Task goal:
Leaving the pictures aside, return all of the data below exactly.

Data segment:
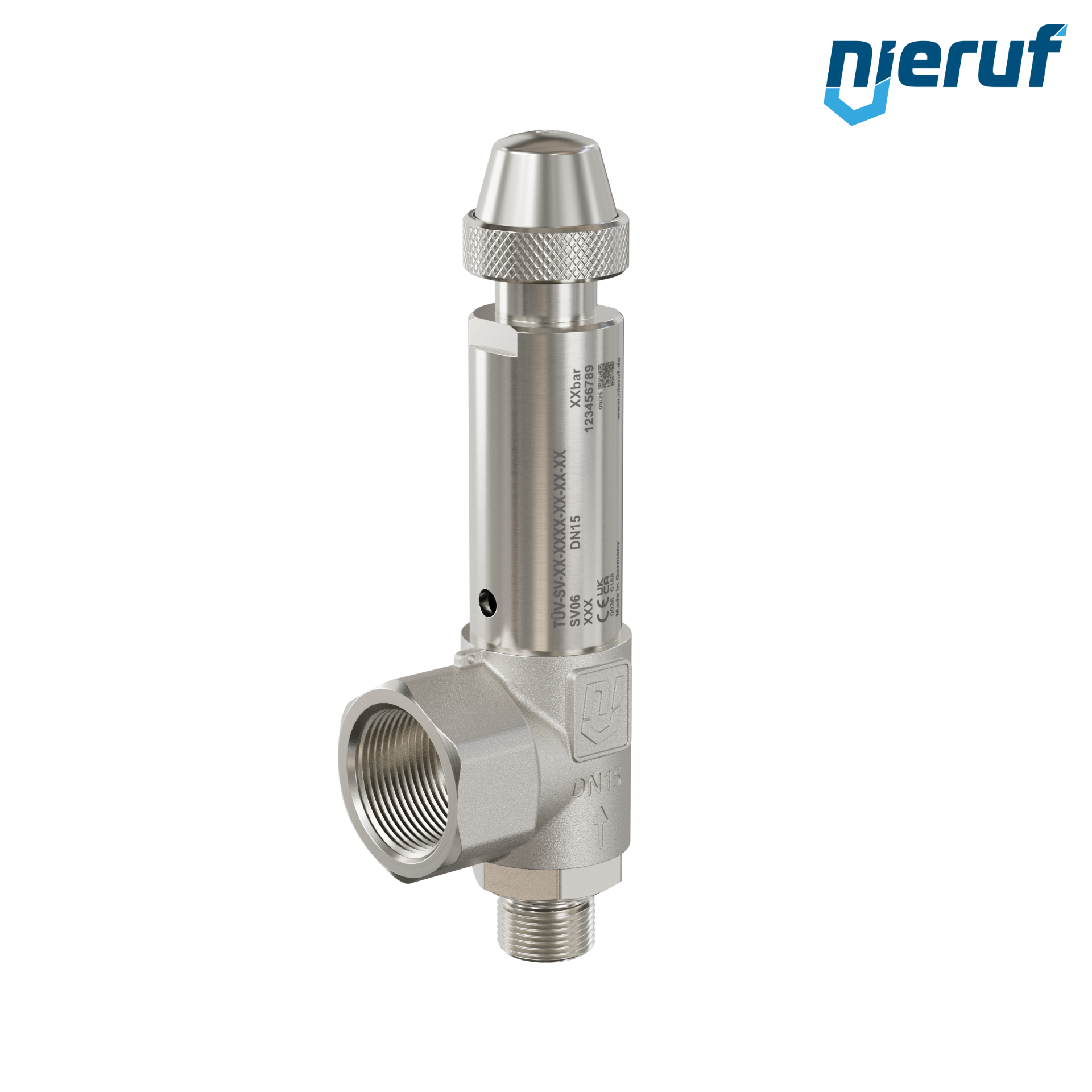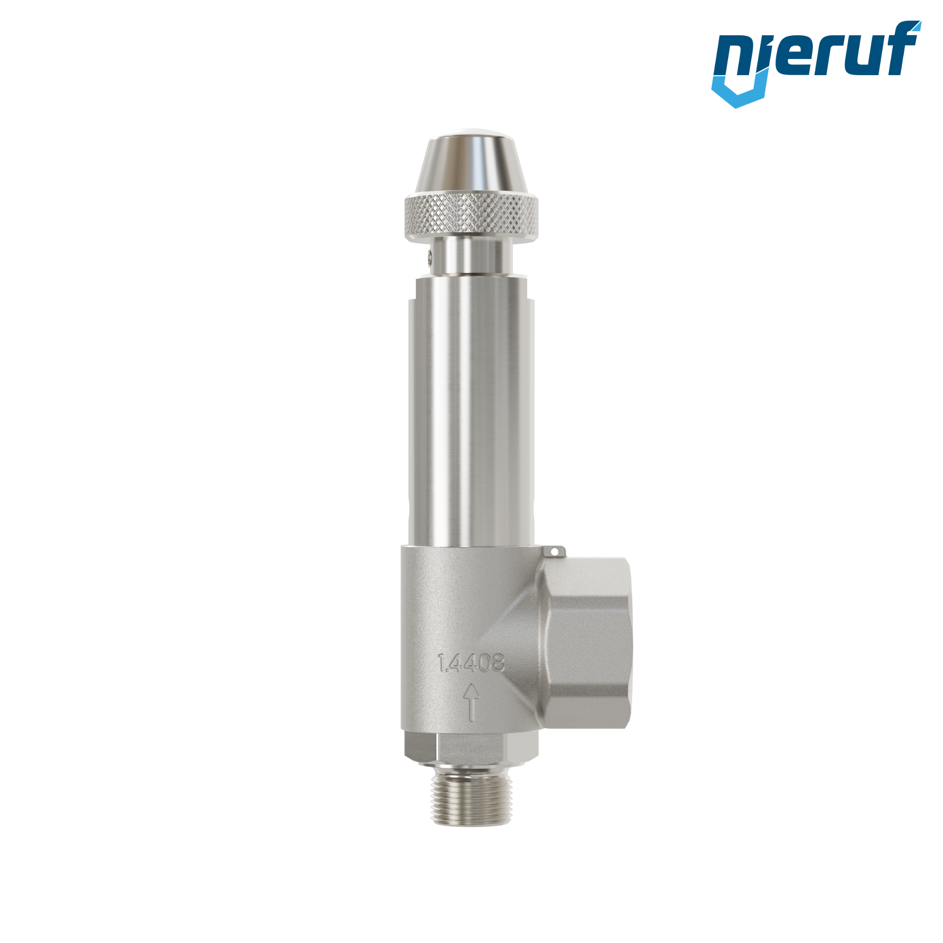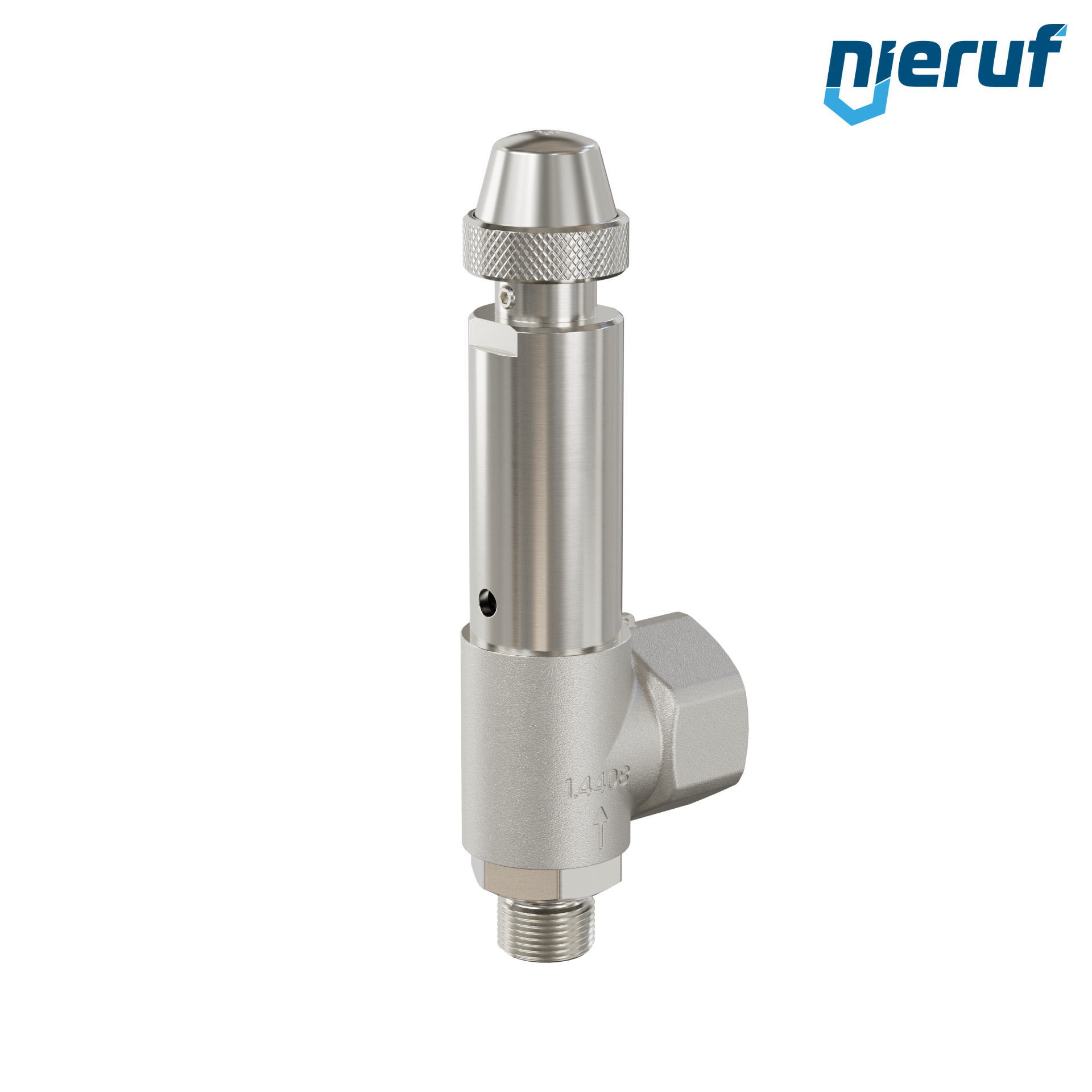 valvola di sicurezza ad angolo con manicotto di tenuta per fluidi liquidi NBR 1/2" M x 1" F acciaio inox modello SV06 con filettatura esterna BSP-P e meccanismo di sollevamento rotazionale
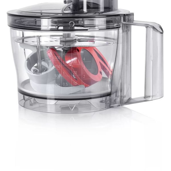 دراین غذا ساز دو سرعت تعریف می شود. در بالای بدنهی اصلی، ظرف خردکن متصل میشود که این امکان را ایجاد میکند تا با اتصال تیغهها و دیسکهای رندهی مختلف، عملکردهای متفاوتی از دستگاه مشاهده شود.
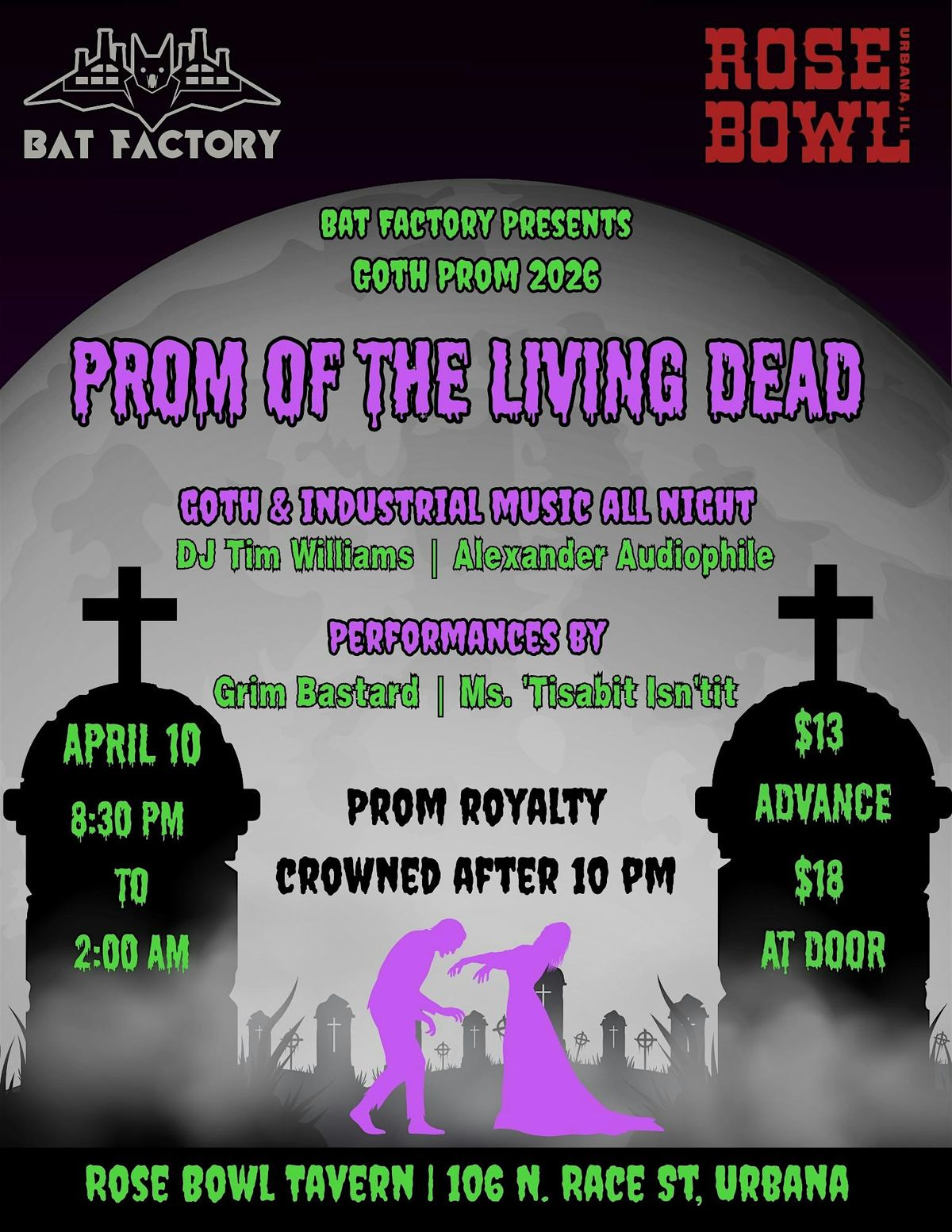 On April 10th it's time to unbury yourself from the sludge and shamble to the Rose Bowl in Urbana for our most ghoulish Goth Prom. Whether you shuffle, lurch, or crawl, there'll be room on the dance floor, with goth and industrial music playing all night long.
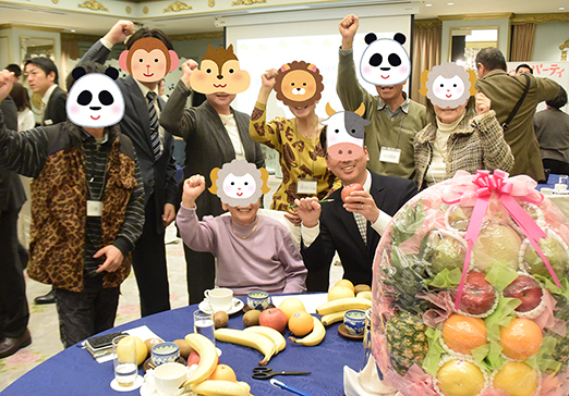 クイズ大会を楽しみ、みごと果物盛りをゲットしたチームは

Answer box:
 valvola di sicurezza ad angolo con manicotto di tenuta per fluidi liquidi NBR 1/2" M x 1" F acciaio inox modello SV06 con filettatura esterna BSP-P e meccanismo di sollevamento rotazionale
 دراین غذا ساز دو سرعت تعریف می شود. در بالای بدنهی اصلی، ظرف خردکن متصل میشود که این امکان را ایجاد میکند تا با اتصال تیغهها و دیسکهای رندهی مختلف، عملکردهای متفاوتی از دستگاه مشاهده شود.
 On April 10th it's time to unbury yourself from the sludge and shamble to the Rose Bowl in Urbana for our most ghoulish Goth Prom. Whether you shuffle, lurch, or crawl, there'll be room on the dance floor, with goth and industrial music playing all night long.
 クイズ大会を楽しみ、みごと果物盛りをゲットしたチームは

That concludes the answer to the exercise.